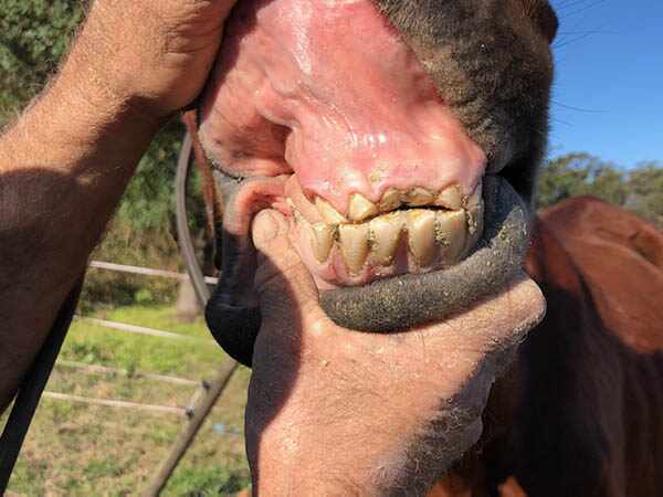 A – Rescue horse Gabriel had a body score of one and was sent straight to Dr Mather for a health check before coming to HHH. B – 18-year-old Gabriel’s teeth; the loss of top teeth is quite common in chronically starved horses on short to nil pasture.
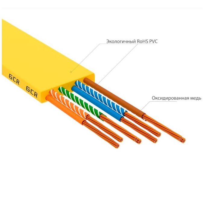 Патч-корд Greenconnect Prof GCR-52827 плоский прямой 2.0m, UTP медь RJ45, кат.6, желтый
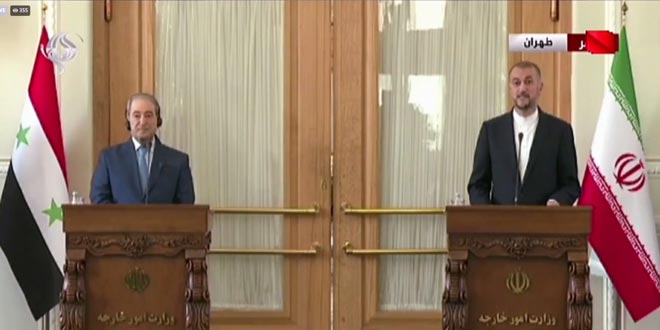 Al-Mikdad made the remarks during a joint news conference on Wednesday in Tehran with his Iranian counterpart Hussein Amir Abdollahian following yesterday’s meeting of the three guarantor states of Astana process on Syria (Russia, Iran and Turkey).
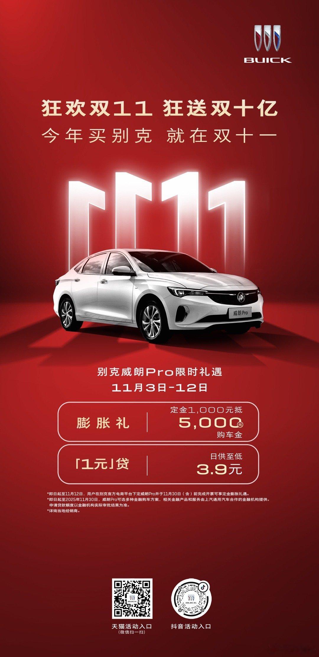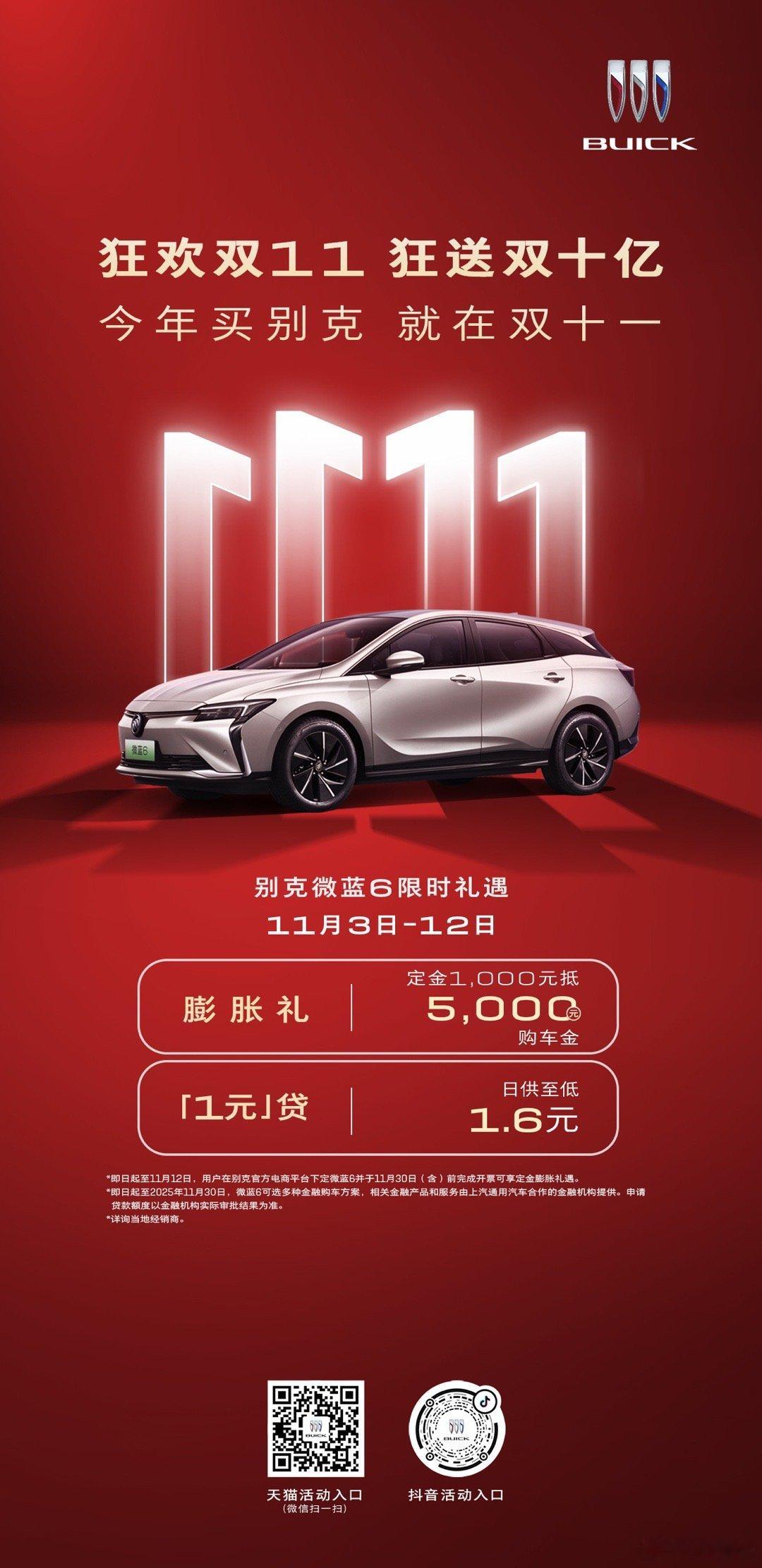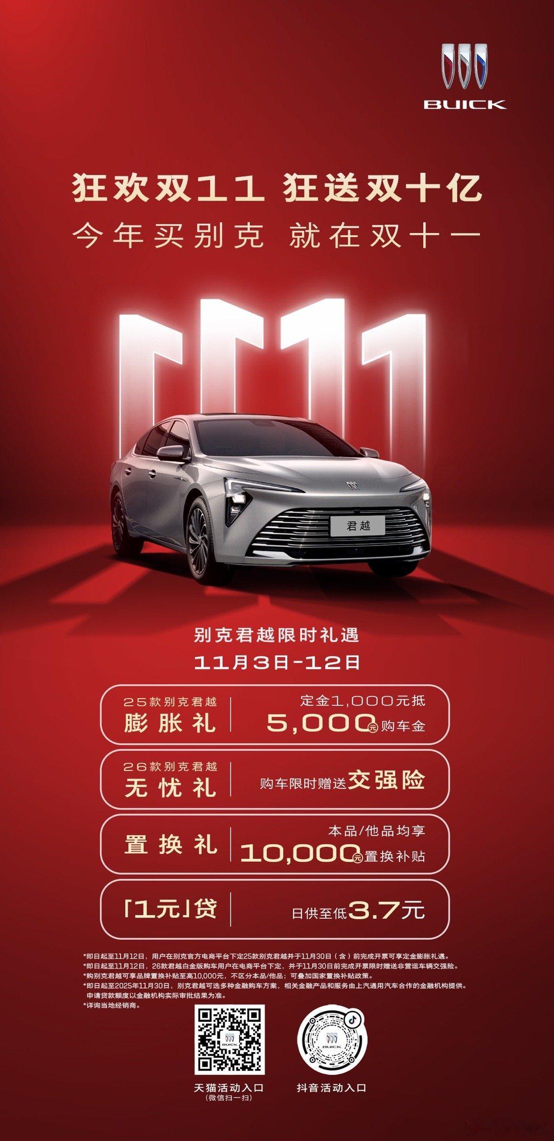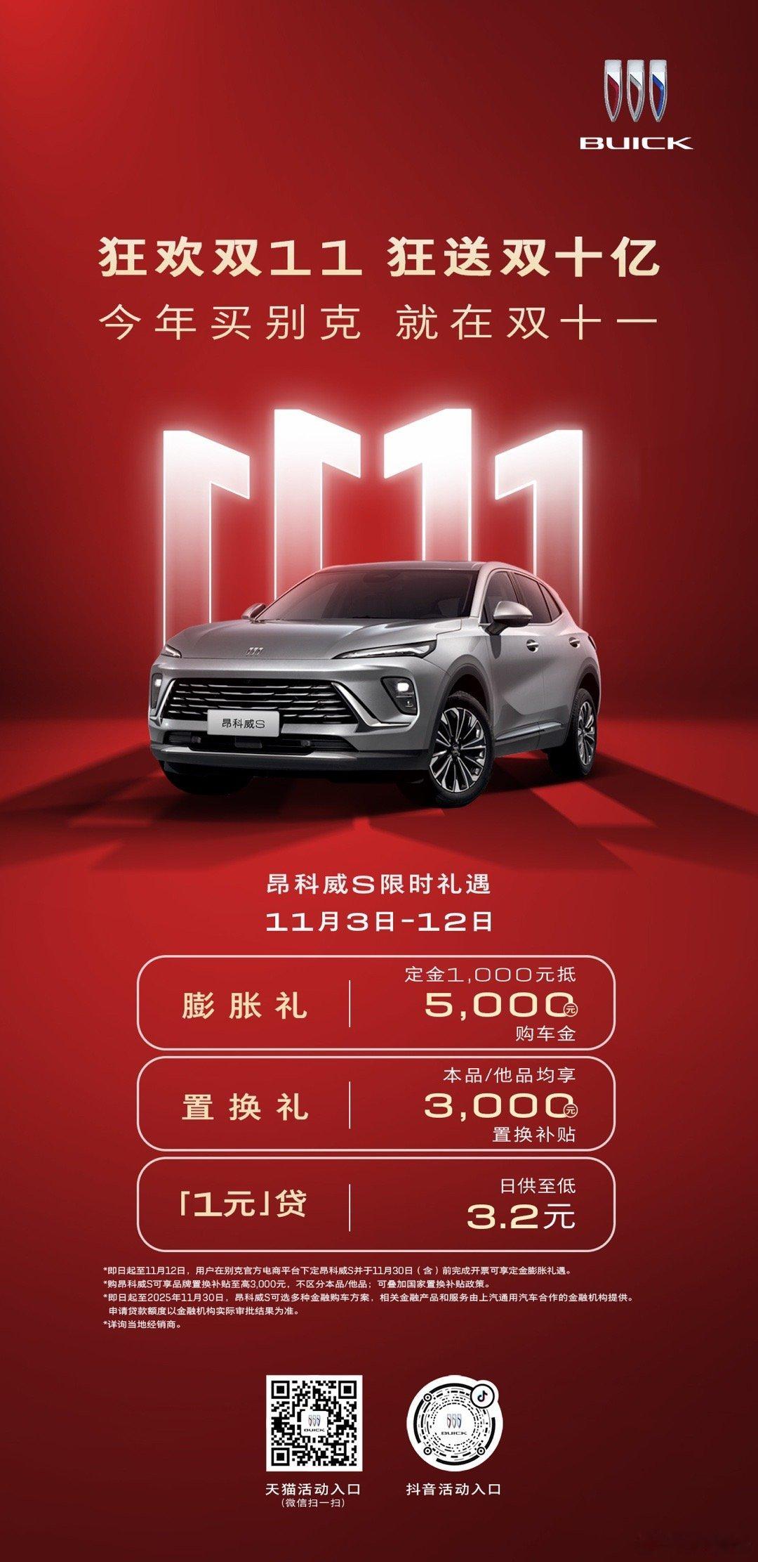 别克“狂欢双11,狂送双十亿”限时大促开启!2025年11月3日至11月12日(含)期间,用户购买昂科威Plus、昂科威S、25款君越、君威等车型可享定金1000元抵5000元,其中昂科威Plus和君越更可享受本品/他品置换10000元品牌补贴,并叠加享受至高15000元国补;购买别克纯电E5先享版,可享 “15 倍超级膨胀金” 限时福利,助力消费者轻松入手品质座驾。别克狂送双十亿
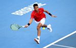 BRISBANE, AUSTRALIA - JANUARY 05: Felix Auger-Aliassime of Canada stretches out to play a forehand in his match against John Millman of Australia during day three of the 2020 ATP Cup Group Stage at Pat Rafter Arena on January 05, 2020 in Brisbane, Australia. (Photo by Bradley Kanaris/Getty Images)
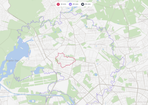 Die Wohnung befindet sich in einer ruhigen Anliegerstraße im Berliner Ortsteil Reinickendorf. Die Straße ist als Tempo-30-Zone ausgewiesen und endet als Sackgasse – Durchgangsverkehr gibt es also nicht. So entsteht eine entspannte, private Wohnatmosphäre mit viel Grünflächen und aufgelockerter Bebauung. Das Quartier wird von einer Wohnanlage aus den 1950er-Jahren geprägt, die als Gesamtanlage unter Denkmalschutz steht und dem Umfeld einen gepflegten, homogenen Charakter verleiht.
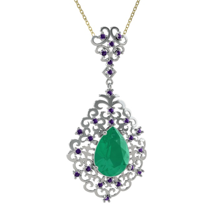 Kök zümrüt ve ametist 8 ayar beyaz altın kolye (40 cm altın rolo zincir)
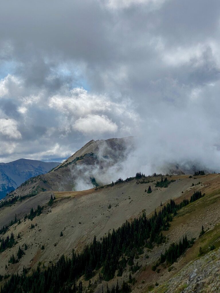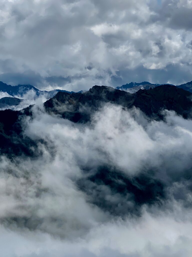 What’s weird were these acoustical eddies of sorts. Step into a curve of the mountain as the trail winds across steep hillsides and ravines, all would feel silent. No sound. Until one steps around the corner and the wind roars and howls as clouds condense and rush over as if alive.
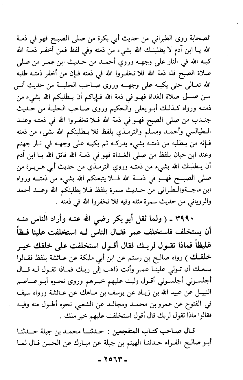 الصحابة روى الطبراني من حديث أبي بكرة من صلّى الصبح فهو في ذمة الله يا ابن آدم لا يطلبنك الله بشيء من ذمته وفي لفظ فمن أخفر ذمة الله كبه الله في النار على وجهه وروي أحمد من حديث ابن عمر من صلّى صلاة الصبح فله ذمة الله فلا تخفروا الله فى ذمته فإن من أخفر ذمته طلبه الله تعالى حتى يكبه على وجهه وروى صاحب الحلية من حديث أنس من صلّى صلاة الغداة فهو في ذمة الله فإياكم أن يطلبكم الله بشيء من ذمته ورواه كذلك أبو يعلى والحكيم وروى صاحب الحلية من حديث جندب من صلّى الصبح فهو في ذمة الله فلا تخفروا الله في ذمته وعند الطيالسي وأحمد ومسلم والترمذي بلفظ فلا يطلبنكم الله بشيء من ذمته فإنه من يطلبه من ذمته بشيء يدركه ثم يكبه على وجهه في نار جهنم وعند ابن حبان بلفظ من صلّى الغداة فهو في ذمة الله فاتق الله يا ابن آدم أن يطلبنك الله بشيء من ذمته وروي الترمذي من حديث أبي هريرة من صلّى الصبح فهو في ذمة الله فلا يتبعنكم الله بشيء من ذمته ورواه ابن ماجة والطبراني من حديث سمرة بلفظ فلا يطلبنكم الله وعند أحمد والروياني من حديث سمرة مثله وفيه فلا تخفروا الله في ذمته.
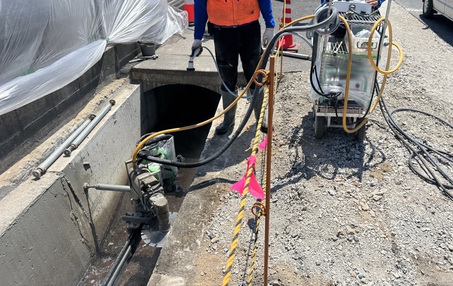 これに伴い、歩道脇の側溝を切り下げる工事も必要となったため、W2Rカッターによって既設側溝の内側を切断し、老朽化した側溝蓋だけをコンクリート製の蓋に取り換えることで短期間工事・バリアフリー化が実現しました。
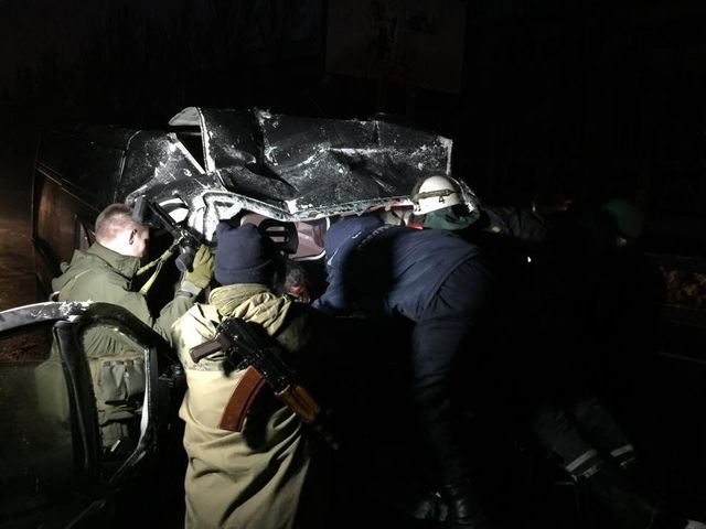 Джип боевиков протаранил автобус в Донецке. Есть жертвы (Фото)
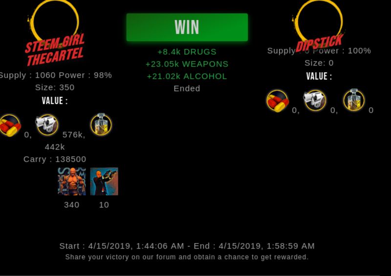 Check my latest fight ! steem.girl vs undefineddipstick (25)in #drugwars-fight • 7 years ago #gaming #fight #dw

· · · ·

_Assigned task_:
Copy out the lines above from the line containing "Die Wohnung befindet" through the line containing "What’s weird were", exactly, and keep the pictures out.

_Written response_:
 Die Wohnung befindet sich in einer ruhigen Anliegerstraße im Berliner Ortsteil Reinickendorf. Die Straße ist als Tempo-30-Zone ausgewiesen und endet als Sackgasse – Durchgangsverkehr gibt es also nicht. So entsteht eine entspannte, private Wohnatmosphäre mit viel Grünflächen und aufgelockerter Bebauung. Das Quartier wird von einer Wohnanlage aus den 1950er-Jahren geprägt, die als Gesamtanlage unter Denkmalschutz steht und dem Umfeld einen gepflegten, homogenen Charakter verleiht.
 Kök zümrüt ve ametist 8 ayar beyaz altın kolye (40 cm altın rolo zincir)
 What’s weird were these acoustical eddies of sorts. Step into a curve of the mountain as the trail winds across steep hillsides and ravines, all would feel silent. No sound. Until one steps around the corner and the wind roars and howls as clouds condense and rush over as if alive.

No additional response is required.